The Story Within Us: Women Prisoners Reflect on Reading
ISBN: 9780252094255
Platform/Publisher: JSTOR / University of Illinois Press
Digital rights: Users: unlimited; Printing: chapter; Download: chapter
Subjects: Women prisoners -- United States -- Books and reading; Books and reading; African American women -- Books and reading;

This volume features in-depth, oral interviews with eleven incarcerated women, each of whom offers a narrative of her life and her reading experiences within prison walls. The women share powerful stories about their complex and diverse efforts to negotiate difficult relationships, exercise agency in restrictive circumstances, and find meaning and beauty in the midst of pain.

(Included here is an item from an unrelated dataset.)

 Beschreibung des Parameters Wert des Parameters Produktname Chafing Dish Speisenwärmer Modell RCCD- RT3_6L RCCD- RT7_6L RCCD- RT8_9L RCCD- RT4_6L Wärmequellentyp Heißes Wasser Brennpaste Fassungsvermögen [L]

Their shared emphases on abuse, poverty, addiction, and mental illness illuminate the pathways that lead many women to prison and suggest possibilities for addressing the profound social problems that fuel crime.

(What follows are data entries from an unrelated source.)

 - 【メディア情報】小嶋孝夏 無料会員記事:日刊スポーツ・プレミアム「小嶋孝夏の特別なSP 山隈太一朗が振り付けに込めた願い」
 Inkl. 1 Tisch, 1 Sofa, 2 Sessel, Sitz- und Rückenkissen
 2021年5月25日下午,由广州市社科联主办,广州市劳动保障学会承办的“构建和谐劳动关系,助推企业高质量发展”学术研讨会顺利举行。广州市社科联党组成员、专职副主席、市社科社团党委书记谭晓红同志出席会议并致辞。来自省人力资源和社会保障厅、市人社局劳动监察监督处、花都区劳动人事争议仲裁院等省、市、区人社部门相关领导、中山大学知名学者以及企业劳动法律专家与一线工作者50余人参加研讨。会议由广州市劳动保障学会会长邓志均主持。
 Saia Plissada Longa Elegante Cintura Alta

Framing the narratives within an analytic introduction and reflective afterword, Megan Sweeney highlights the crucial intellectual work that the incarcerated women perform despite myriad restrictions on reading and education in U.S. prisons. These women use the limited reading materials available to them as sources of guidance and support and as tools for self-reflection and self-education. Through their creative engagements with books, the women learn to reframe their own life stories, situate their experiences in relation to broader social patterns, deepen their understanding of others, experiment with new ways of being, and maintain a sense of connection with their fellow citizens on both sides of the prison fence.


Megan Sweeney is an associate professor of English Language & Literature and Afroamerican and African Studies at the University of Michigan. She is the author of Reading is My Window: Books and the Art of Reading in Women's Prisons.